Morris B. Silver M.D., Inc. v. Int'l Longshore & Warehouse Union—Pac. Mar. Ass'n Welfare Plan

Decision Date22 August 2016
Docket NumberB267941
Citation2 Cal.App.5th 793,206 Cal.Rptr.3d 461
CourtCalifornia Court of Appeals Court of Appeals
PartiesMORRIS B. SILVER M.D., INC., Plaintiff and Appellant, v. INTERNATIONAL LONGSHORE AND WAREHOUSE UNION—PACIFIC MARITIME ASSOCIATION WELFARE PLAN, Defendant and Respondent.

Law Offices of Jonathan A. Stieglitz and Jonathan A. Stieglitz, Poway, for Plaintiff and Appellant.

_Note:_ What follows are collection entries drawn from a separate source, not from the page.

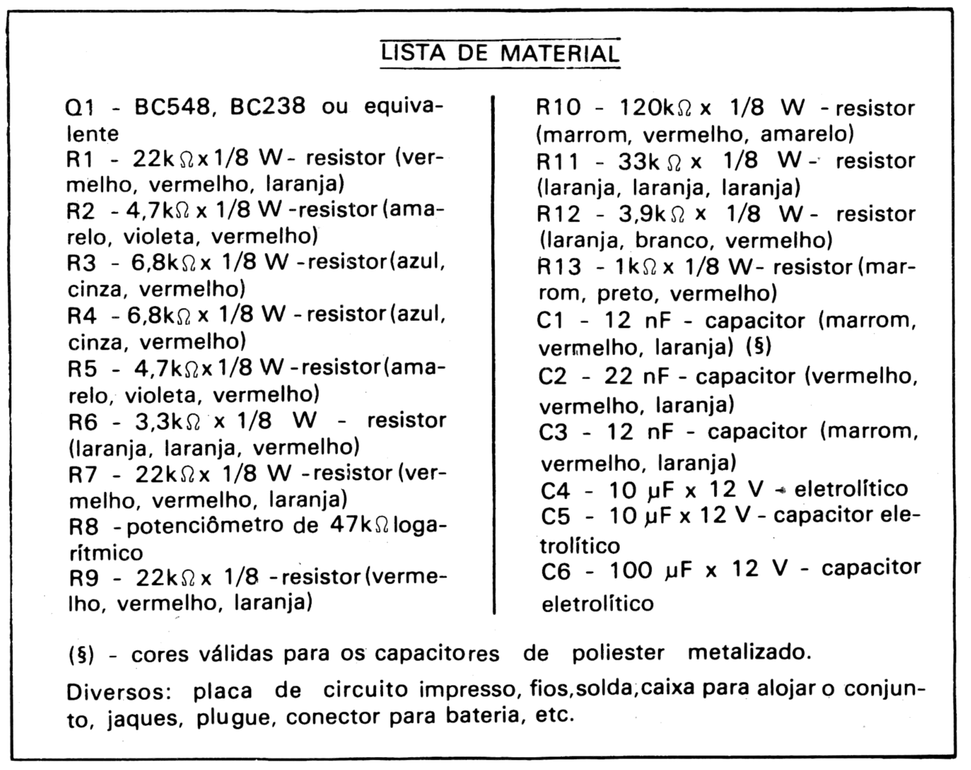 Para esta montagem, em vista da operação com sinais de pequena intensidade que devem passar por uma amplificação razoável no equipamento posterior recomenda-se o máximo de cuidado em relação aos cabos de ligação que estão sujeitos a captação de zumbidos, devendo ser do tipo blindado.
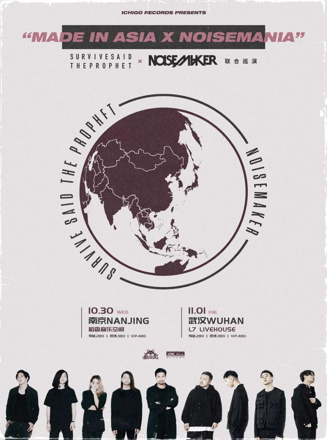 就在去年SurviveSaidTheProphet和NOISEMAKER分别在的9月和10月来华完成了他们的第一次中国巡演,经过一年时间的成长和蜕变,分别带着他们最新的作品,一起再次来到中国,强强联手为中国歌迷呈现这次南京、武汉双城联合巡演。
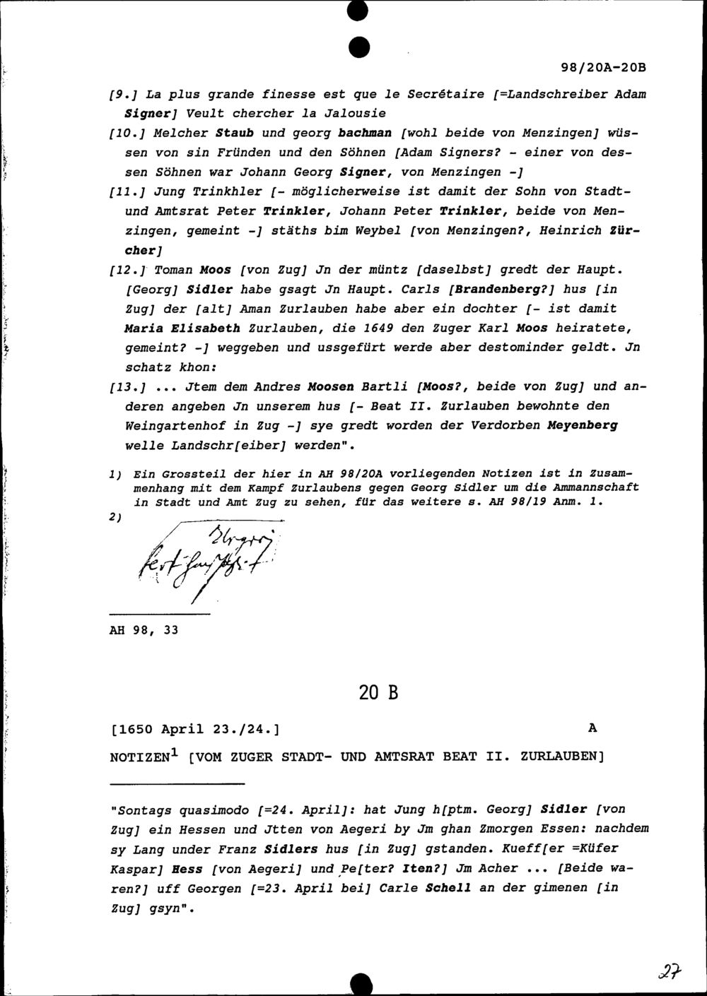 Notiz von Beat II. Zurlauben, Stadt- und Amtrat Zug
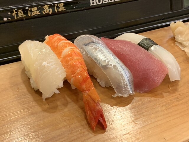 左から、ヒラメ、海老、サヨリ、マグロ、イカ
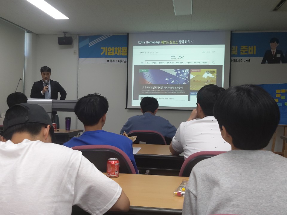 본 특강은 현재 대기업 인사담당 직원이 현재의 취업 트렌드에 대해 설명해주는 강의이다. 이는 우리 대학 재학생 전체를 대상으로 진행되었으며, 졸업 후 취직을 희망하는 사람들에게 구체적인 조언과 준비해야 할 사항 등을 설명하는 식으로 진행되었다.
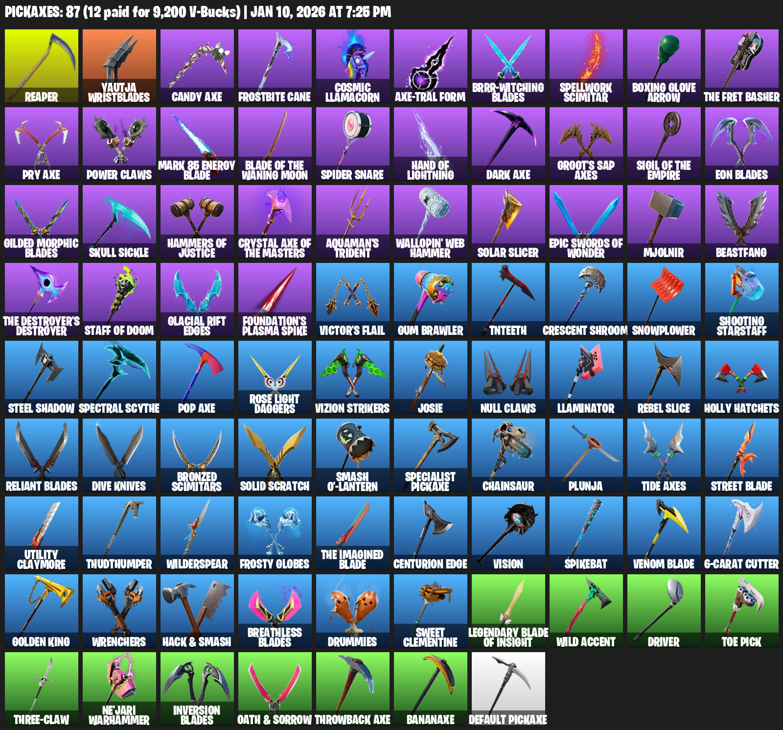 Reaper, Yautja Wristblades, Candy Axe, Frostbite Cane, Cosmic Llamacorn, Brrr-witching Blades, Spellwork Scimitar, Boxing Glove Arrow, Power Claws, Mark 85 Energy Blade, Hand of Lightning, Groot’s Sap Axes

Seyfarth Shaw, D. Ward Kallstrom, Kevin J. Lesinski, Jonathan A. Braunstein and Eden Anderson, San Francisco; Leonard Carder, Christine S. Hwang and Andrew J. Ziaja, San Francisco, for Defendant and Respondent.

PERLUSS

, P.J.

Morris B. Silver M.D., Inc. (Silver) sued the International Longshore and Warehouse Union—Pacific Maritime Association Welfare Plan (Plan) to recover payment for health care services provided to Plan policyholders. Silver's action was dismissed on the ground all of his state law causes of action were preempted by the federal Employee Retirement Income Security Act of 1974 (29 U.S.C. § 1001 et seq.

) (ERISA). We reverse the order dismissing the lawsuit and remand for further proceedings as set forth in this opinion.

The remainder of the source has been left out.